- Command flag from 1938 to 1942
- Founded: 1935
- Disbanded: 23 May 1945
- Country: Nazi Germany
- Branch: German Army
- Type: High Command
- Part of: Armed Forces High Command (Oberkommando der Wehrmacht)
- Headquarters: Maybach I, Wünsdorf
- Nickname: OKH

Commanders
- Commander-in-Chief: See list
- Chief of the General Staff: See list

Insignia

= Oberkommando des Heeres =

Army High Command of the Wehrmacht

The Oberkommando des Heeres (lit. 'Upper Command of the Army'; abbreviated OKH) was the high command of the Army of Nazi Germany. It was founded in 1935 as part of Adolf Hitler's rearmament of Germany. OKH was de facto the most important unit within the German war planning until the defeat at Moscow in December 1941.

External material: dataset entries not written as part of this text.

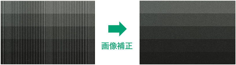 (右)画像補正を行うことで、スジ欠陥が見えなくなる
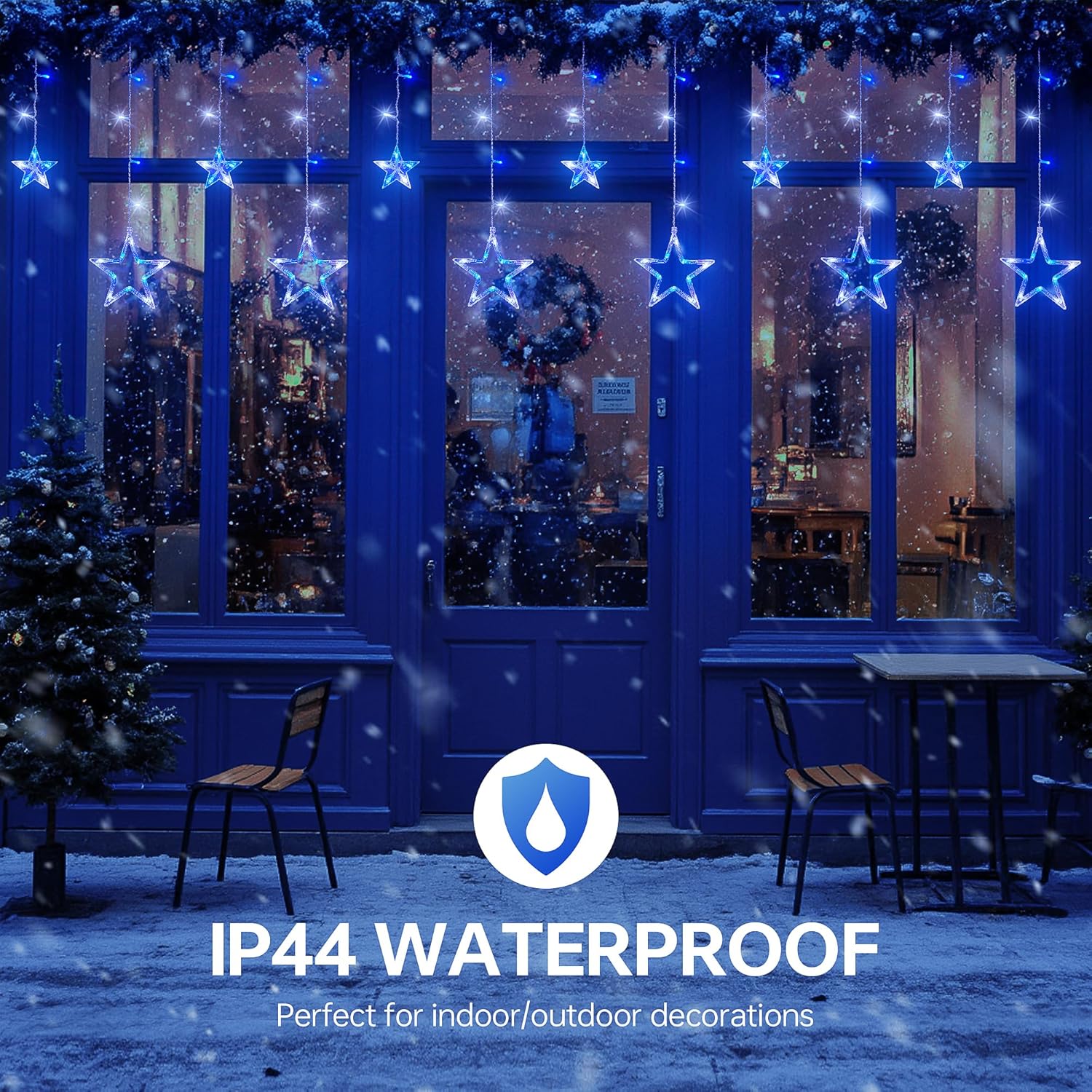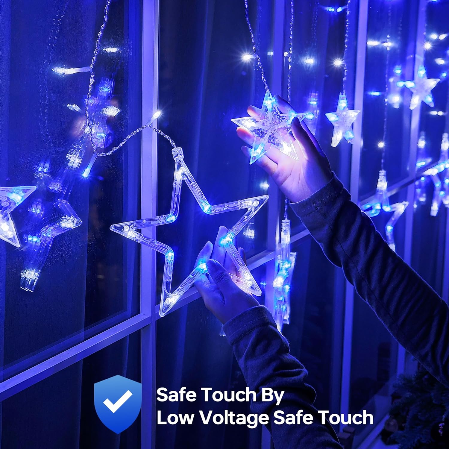 • Blue and white Christmas icicle lights with star:MYGOTO 126 bright blue and white LED Christmas curtain Lights with pure copper transparent wire is 8.2 feet long.12 Stars (6 large +6 small), the diameter of the large star is 7.3inch,the small star is 3.5inch. Hanging them from a house, or from a fence create a winter wonderland that attracts Santa and fairies,bring you a lot of festive atmosphere.
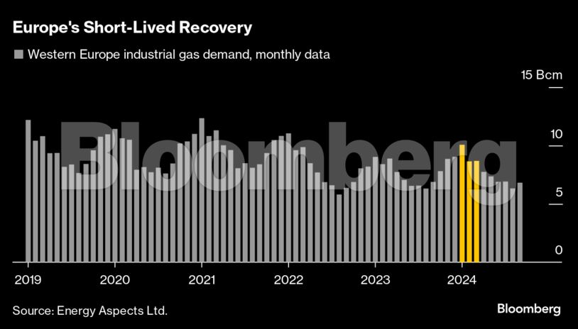 Ενώ η χρήση βιομηχανικού φυσικού αερίου είναι αυξημένη σε ετήσια βάση, η S&P μείωσε την εκτίμησή της για την αύξηση το 2024 σε 5,8% και βλέπει μείωση 0,7% το 2025. Η κατανάλωση παραμένει πολύ χαμηλότερη από ό,τι ήταν πριν από την ενεργειακή κρίση. Μάλιστα, ο οίκος δεδομένων αναμένει ότι 9,5 δισεκατομμύρια κυβικά μέτρα ετήσιας ζήτησης θα χαθούν μόνιμα λόγω της διακοπής της παραγωγής και των μέτρων ενεργειακής απόδοσης, σύμφωνα με το Bloomberg.
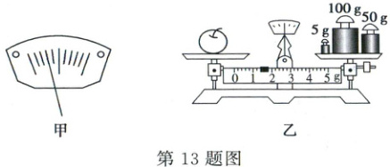 13. 小明用天平测量苹果的质量。在调节天平平衡的过程中,发现指针如图甲所示,他应将平衡螺母向 (

During World War II, OKH had the responsibility of strategic planning of Armies and Army Groups. The General Staff of the OKH managed operational matters. Each German Army also had an Army High Command (Armeeoberkommando or AOK). The Armed Forces High Command (Oberkommando der Wehrmacht) then took over this function for theatres other than the Eastern front.

The OKH commander held the title of Commander-in-chief of the Army (Oberbefehlshaber des Heeres). After the Battle of Moscow, the OKH commander Field marshal Walther von Brauchitsch was removed from office, and Hitler appointed himself as Commander-in-Chief of the Army.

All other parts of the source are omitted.